Wendland nickte. »›Furchtlosen Herzens, dem Frevel fremd!‹ wie es in der Edda heißt vom Lichtgotte Balder! Zusammennehmen müssen wir unsern Willen und unsere Knochen, Kameraden, wenn wir solcher Männer wert werden wollen!« Da stand der Student auf. »Ja,« sagte er, »so ist's!
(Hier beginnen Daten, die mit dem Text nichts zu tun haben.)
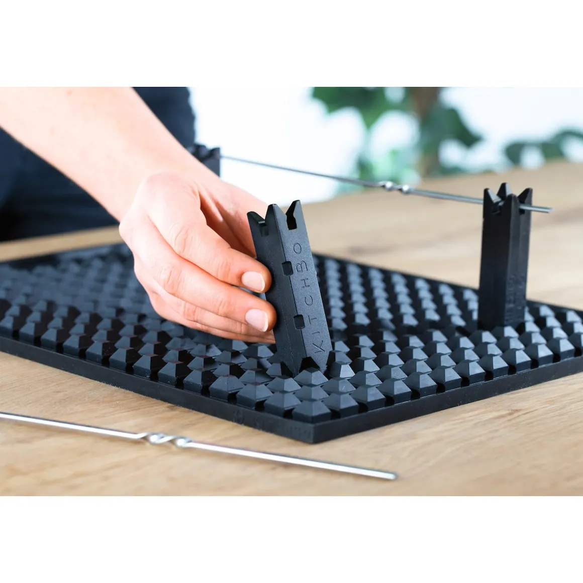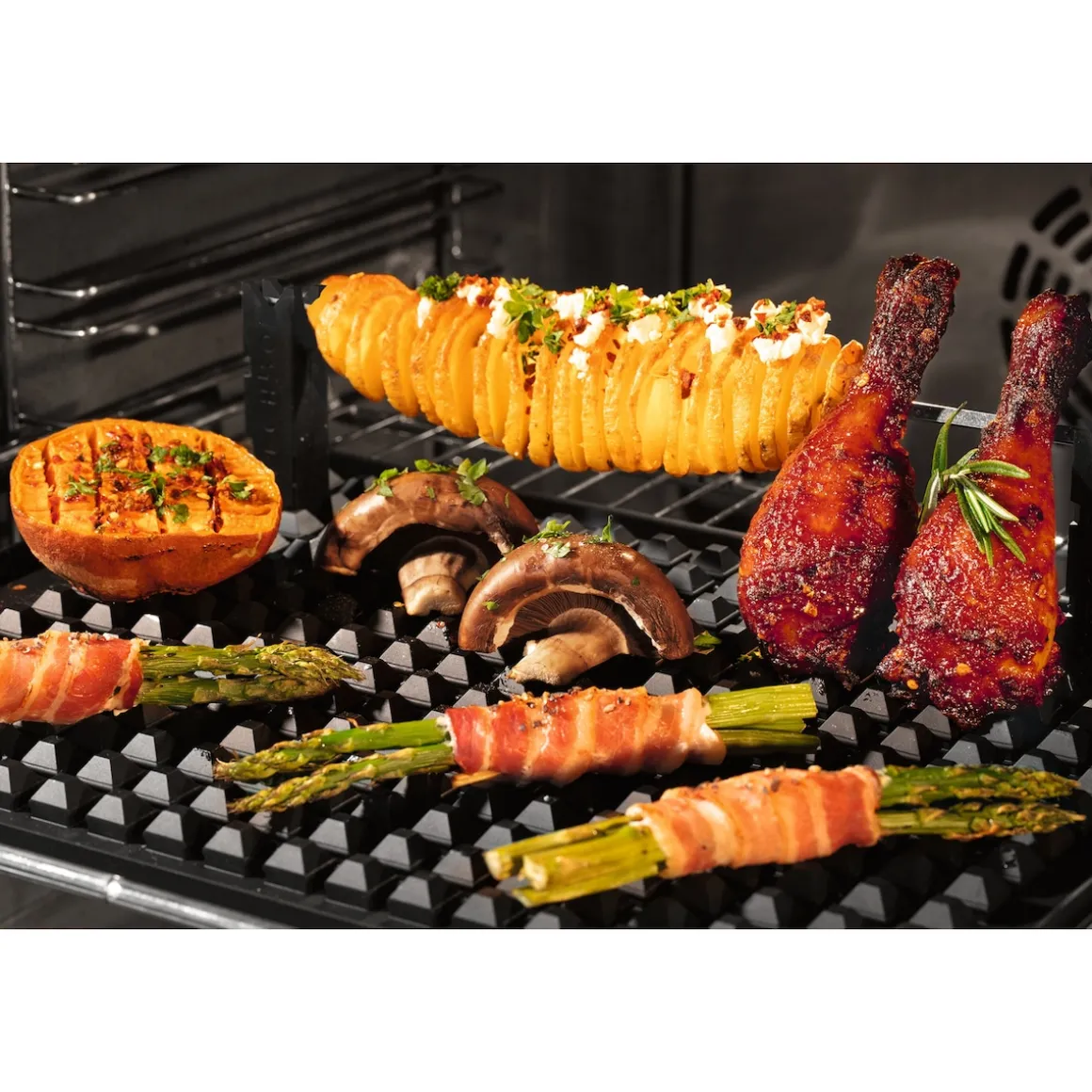 Mit dem KitchBo Silikon-Backmatte Starter Set wird das Zubereiten von Pommes, Fisch, Geflügel, Paprika und vielem mehr zum Genuss. Die Silikon-Backmatte ist mit 280 kleinen, etwa 1 cm hohen Pyramidennoppen ausgestattet, die dafür sorgen, dass die Backofenhitze die Lebensmittel von allen Seiten erreicht und gleichmäßig gart. Gleichzeitig laufen herabtropfendes Fett und Flüssigkeiten in die Vertiefungen der Matte ab, wodurch die Lebensmittel nicht im eigenen Saft schwimmen und eine knusprig-krosse Kruste erhalten. Dank der mitgelieferten Klicksteine kannst du deinen Backofen um eine zusätzliche Garebene erweitern und noch mehr Köstlichkeiten zubereiten. Die beiliegenden Edelstahlspieße finden auf den Klicksteinen Platz und ermöglichen eine zusätzliche Garebene.

Und da wir heut lauter nordische Skaldenverse gehört haben, will ich euch doch noch zum Schlusse eine deutsches Gedicht sagen, das hat der Streil Ludwig gemacht – da steht er, mein' ich, mit seinem Schwabenschädel drüben am Feuer bei seinem Zuge – denn darin spricht er's aus, wie es vielleicht in der ganzen Welt nur wir Deutsche empfinden, und wenn das »hunnisch« sein soll, dann bleiben wir hoffentlich in alle Ewigkeit »Hunnen«! An seinen toten Gegner ist's gerichtet, »Mein Feind« heißt's:

»Nun liegst du bleich und stumm vor mir:
Ich habe dich erschlagen.
Du schlugst nach mir, ich schlug nach dir,
Wir können beide nichts dafür.
Ein Grab will ich dir graben.

Will dein Gewehr und mein Gewehr
Zu einem Kreuze binden;
Das meinige, es taugt nichts mehr,
Viel Tote liegen ja umher,
Ich werd' ein andres finden.

Den Ring hier schick ich nach Brabant:
Werd's deinem Weibe sagen,
Daß ich ihn nahm von deiner Hand
Und dich begrub am Grabenrand,
Sie soll so viel nicht klagen.

Das Morgenlicht bricht nun herein,
Nur noch ein einzig Sternlein irrt,
Ich muß jetzt in den Kampf hinein.
Gräbt wohl auch mich der gleiche ein,
Der mich erschlagen wird?«

 

Ende.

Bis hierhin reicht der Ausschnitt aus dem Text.